How are the two flags used to correctly calculate the answer when two numbers that are multiplied overflow the register?
E.g. if al
holds 0xff
and is multiplied by 0x2
, causing an overflow into ax
, how do the flags help with this?
Multiplication on x86/x64 never overflows when using the one operand form.
This is because mul and its sibling imul produce an output twice as wide as their operands1.

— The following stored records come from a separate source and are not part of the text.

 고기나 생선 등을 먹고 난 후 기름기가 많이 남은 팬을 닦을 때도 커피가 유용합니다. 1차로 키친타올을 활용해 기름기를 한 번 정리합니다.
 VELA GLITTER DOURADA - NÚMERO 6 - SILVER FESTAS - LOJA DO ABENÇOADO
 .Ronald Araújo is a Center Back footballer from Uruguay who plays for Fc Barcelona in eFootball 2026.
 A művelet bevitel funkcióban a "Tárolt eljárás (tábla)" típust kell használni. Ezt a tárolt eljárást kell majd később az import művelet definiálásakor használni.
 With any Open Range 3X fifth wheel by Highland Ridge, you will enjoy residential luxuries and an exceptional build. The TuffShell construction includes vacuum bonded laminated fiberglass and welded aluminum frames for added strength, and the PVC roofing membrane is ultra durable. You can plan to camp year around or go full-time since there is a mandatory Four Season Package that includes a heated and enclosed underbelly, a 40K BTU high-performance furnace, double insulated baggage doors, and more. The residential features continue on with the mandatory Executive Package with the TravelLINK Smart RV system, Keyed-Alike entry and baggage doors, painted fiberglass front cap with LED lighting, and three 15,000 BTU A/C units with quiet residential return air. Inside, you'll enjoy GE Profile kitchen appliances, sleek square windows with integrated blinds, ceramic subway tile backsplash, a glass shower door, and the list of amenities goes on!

In your example, multiplying by al
produces an output in ax
and no overflow is generated.
The CF
and OF
are set when the result cannot fit in the operands size.

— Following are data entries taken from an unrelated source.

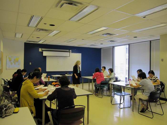7月27日是av女优 教师参加培训的第三周,上午在加拿大麦吉尔大学继续教育学院1407教室, Monica 给av女优 教师上了高级口语交际的最后一次课。Monica首先非常认真地以书面形式向每位学员反馈了上次课演讲成绩,接着从语言能力、词汇能力, 发音准确、交际技能等方面对每人的演讲做了书面点评。
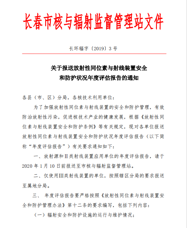 关于报送放射性同位素与射线装置安全和防护状况年度评估报告的通知
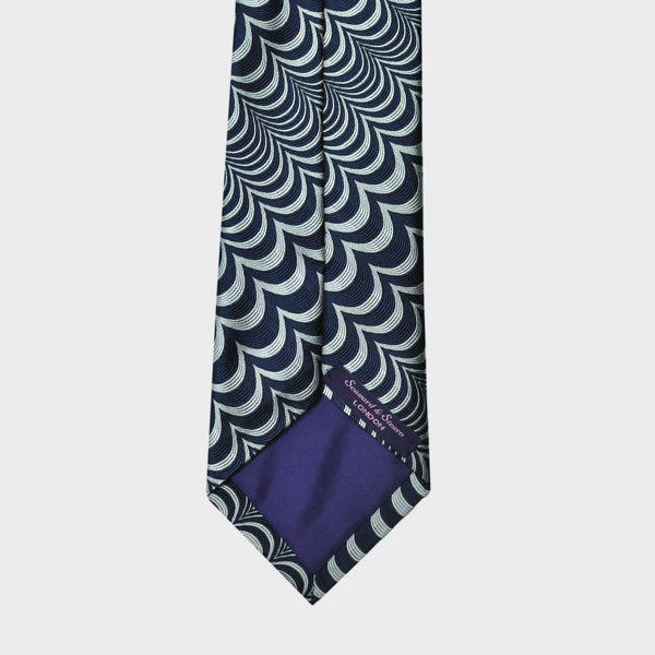 Geometric Wave Woven Silk Tie in Navy & Silver

This can be used to perform multiplication with saturation, for example:
;Unsigned
mul ebx
sbb edx, edx ;EDX = CF replicated along all the 32 bits
or eax, edx ;EAX = 0ff..ffh if overflow, EAX*EBX otherwise
;Signed (perhaps not the most efficient way)
imul ebx
cmovc eax, 7fffffffh ;Signed positive max if overflow. (CMOV-immediate doesn't really exist, but imagine register sources)
cmovnc edx, 0 ; don't modify EAX for the non-overflow case.
sar edx, 31 ; EDX = all-ones if overflow && negative
xor eax, edx ; if negative && overflow
; flip 7fffffff (INT_MIN) to 80000000 (INT_MIN)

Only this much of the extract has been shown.